The model should know what context it can trust.

👉 Interview Answer

The prompt builder decides how retrieved knowledge is presented to the LLM.

It should include the user question, relevant chunks, citation metadata, output format, and instructions for handling insufficient context.

Good prompt construction improves factuality and consistency.

1️⃣2️⃣ Generation

Generation Step

The LLM receives retrieved context and generates the answer.

Retrieved Context
+ User Question
+ Instructions
→ LLM Answer

Good RAG Answer Should

Use retrieved context
Avoid unsupported claims
Cite sources
Mention uncertainty
Say when context is insufficient
Avoid hallucination

Failure Example

Retrieved context does not answer question
→ LLM guesses anyway

👉 Interview Answer

In the generation step, the LLM should answer using retrieved context.
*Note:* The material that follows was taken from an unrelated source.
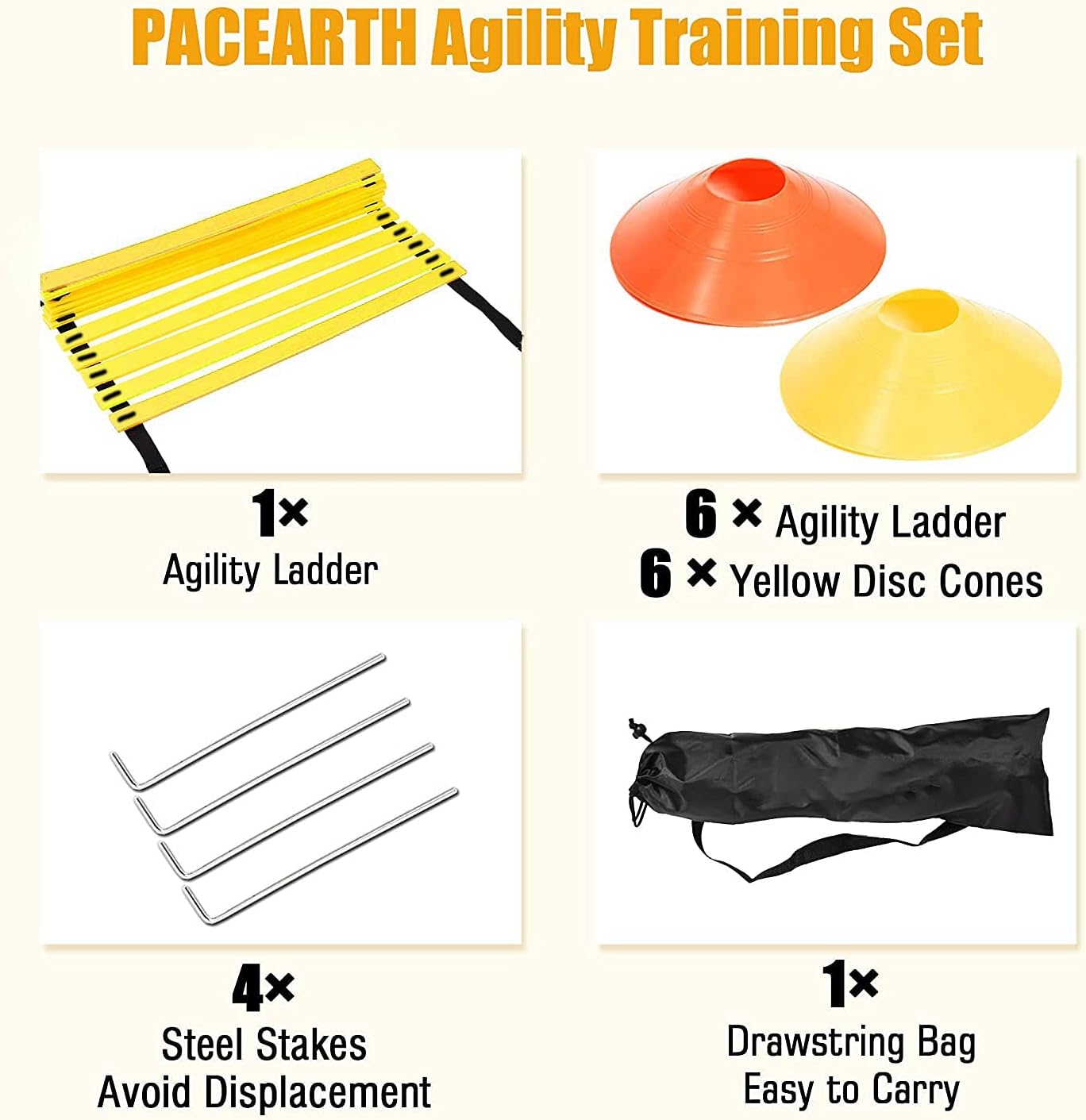 Yuuinnter Sports Speed Agility Training Set 12 Disc Cones 4 Steel Stakes and Agility Ladder for Football Basketball Rugby Track

If the retrieved context is insufficient, the system should instruct the model to say so instead of guessing.

This is critical for reducing hallucination.

1️⃣3️⃣ Access Control

Why Access Control Matters

Enterprise RAG may contain sensitive documents.
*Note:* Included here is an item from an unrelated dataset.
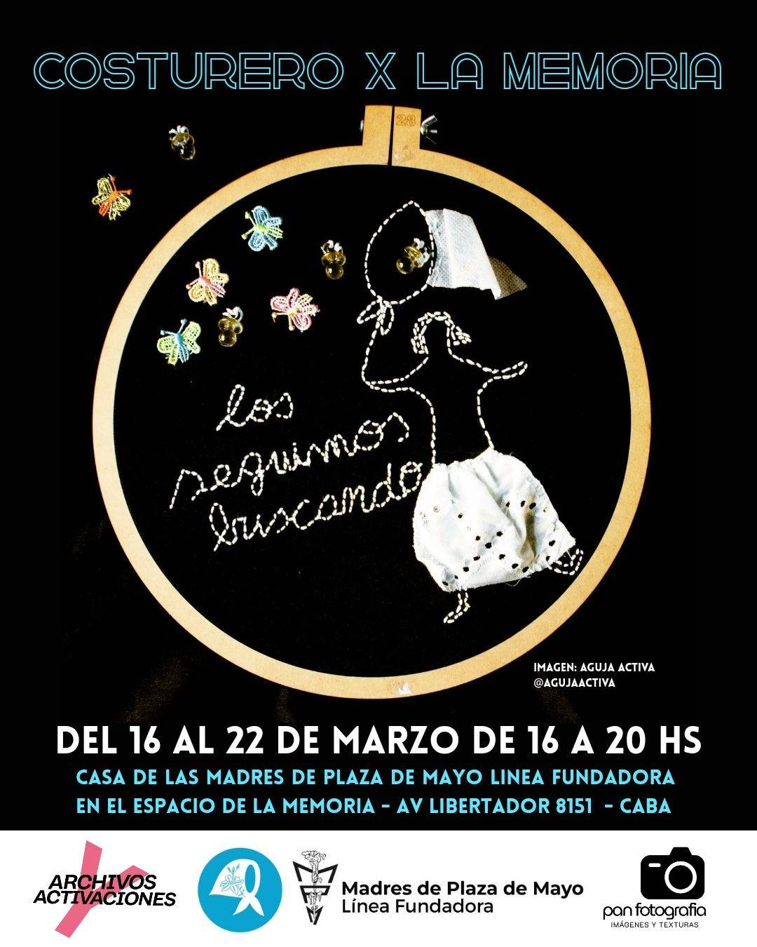 Costurero por la Memoria es también el nombre de la propuesta que las Madres de Plaza de Mayo Línea Fundadora llevarán adelante desde el lunes 16 hasta el domingo 22 de marzo, de 16 a 20, en su Casa de las Madres (Espacio de la Memoria ex ESMA, Libertador 8151), y a la que invitan a participar para conmemorar los 50 años del último golpe cívico-eclesiástico-militar.

Users should only retrieve documents they are allowed to see.

Access Control Points

During ingestion
During retrieval filtering
During prompt construction
During citation display
During logging

Example

User from Team A
→ Retrieve only documents allowed for Team A

👉 Interview Answer

Access control is critical in enterprise RAG.

The retrieval system must filter documents based on user permissions before adding context to the prompt.

The LLM should never receive unauthorized content.

1️⃣4️⃣ Evaluation

What to Evaluate

RAG systems need evaluation at multiple layers.

Retrieval Metrics

Recall
Precision
Relevance
Source freshness
Permission correctness

Generation Metrics

Factuality
Faithfulness
Citation quality
Answer completeness
Refusal when context is insufficient

Production Signals

User feedback
Click-through on citations
Escalation rate
Latency
Cost
Error rate

👉 Interview Answer

RAG evaluation should measure both retrieval quality and generation quality.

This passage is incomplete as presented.